[Opening RECORDS SUPPLIED section]

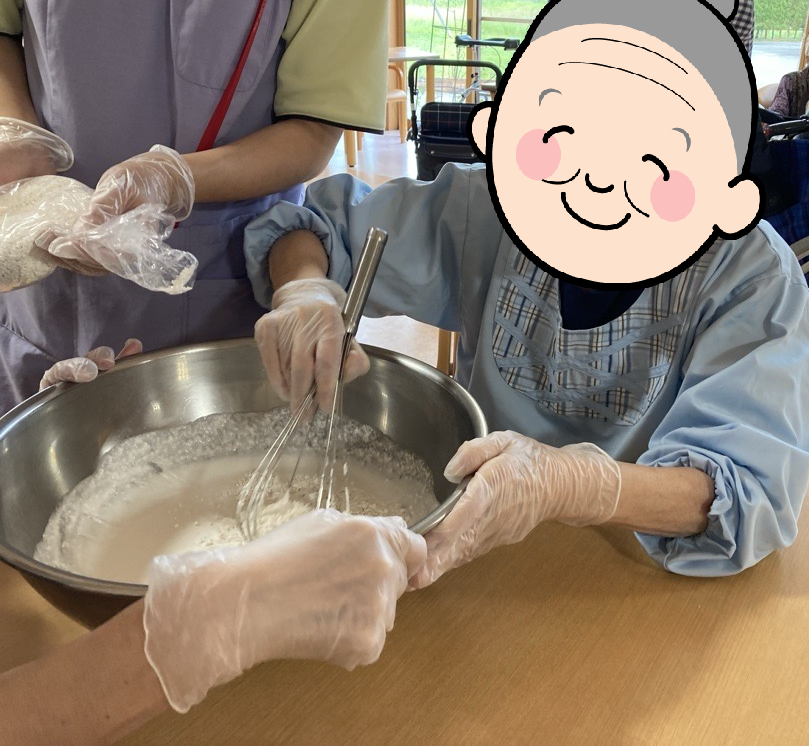 9月25日には、おやつレクが行われました。今回はじめてのおやきづくりに挑戦しました。豆腐と白玉粉を使用しあんこを包んでホットプレートで焼き完成!施設内が香ばしい匂いがただよい、出来上がりもとても柔らかく食べやすかったです。
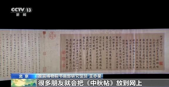 故宫博物院书画部研究馆员 王亦旻:中间这一块是核心的,就是中秋帖的原帖。
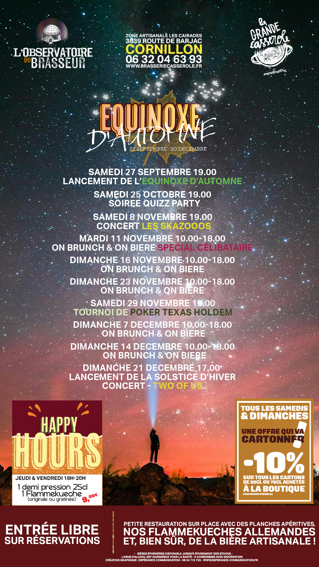 L’Observatoire du Brasseur, créateur et brasseur de la Grande Casserole, bière artisanale et locale accueille « Les Skazoooss », un néo groupe de musique pop-rock-funk qui vont ambiancer les levures de nos bières.
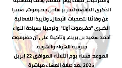 أبين ميدياـ حضرموت أعلنت اللجنة الإعلامية لفعالية “حضرموت أولًا”، اليوم، عن الشعار الرسمي للفعالية التي تستعد لها محافظة حضرموت خلال…
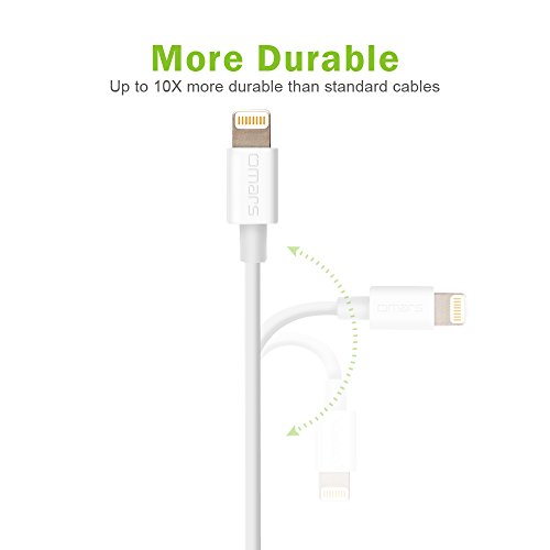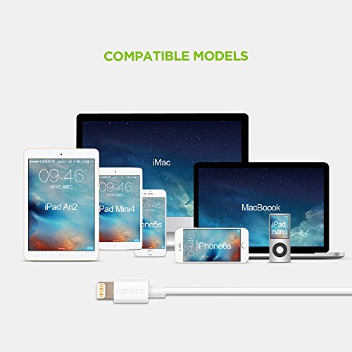 [Apple MFI Certified] [iOS9 Compatible] Omars [2 Pack] 4ft / 1.2m Lightning 8pin to USB SYNC Cable Charger Cord for iPhone 5, 5s, 5c, 6, 6 Plus, 6s, 6s Plus, iPod touch 5, 6, iPod nano 7, iPad Mini 1, 2, 3, 4, iPad 4, Air, Air 2, iPad Pro (White)

[Closing RECORDS SUPPLIED section]

TASK REQUIREMENTS:
Images are to be excluded, and each record above written out word for word.

THE ANSWER:
 9月25日には、おやつレクが行われました。今回はじめてのおやきづくりに挑戦しました。豆腐と白玉粉を使用しあんこを包んでホットプレートで焼き完成!施設内が香ばしい匂いがただよい、出来上がりもとても柔らかく食べやすかったです。
 故宫博物院书画部研究馆员 王亦旻:中间这一块是核心的,就是中秋帖的原帖。
 L’Observatoire du Brasseur, créateur et brasseur de la Grande Casserole, bière artisanale et locale accueille « Les Skazoooss », un néo groupe de musique pop-rock-funk qui vont ambiancer les levures de nos bières.
 أبين ميدياـ حضرموت أعلنت اللجنة الإعلامية لفعالية “حضرموت أولًا”، اليوم، عن الشعار الرسمي للفعالية التي تستعد لها محافظة حضرموت خلال…
 [Apple MFI Certified] [iOS9 Compatible] Omars [2 Pack] 4ft / 1.2m Lightning 8pin to USB SYNC Cable Charger Cord for iPhone 5, 5s, 5c, 6, 6 Plus, 6s, 6s Plus, iPod touch 5, 6, iPod nano 7, iPad Mini 1, 2, 3, 4, iPad 4, Air, Air 2, iPad Pro (White)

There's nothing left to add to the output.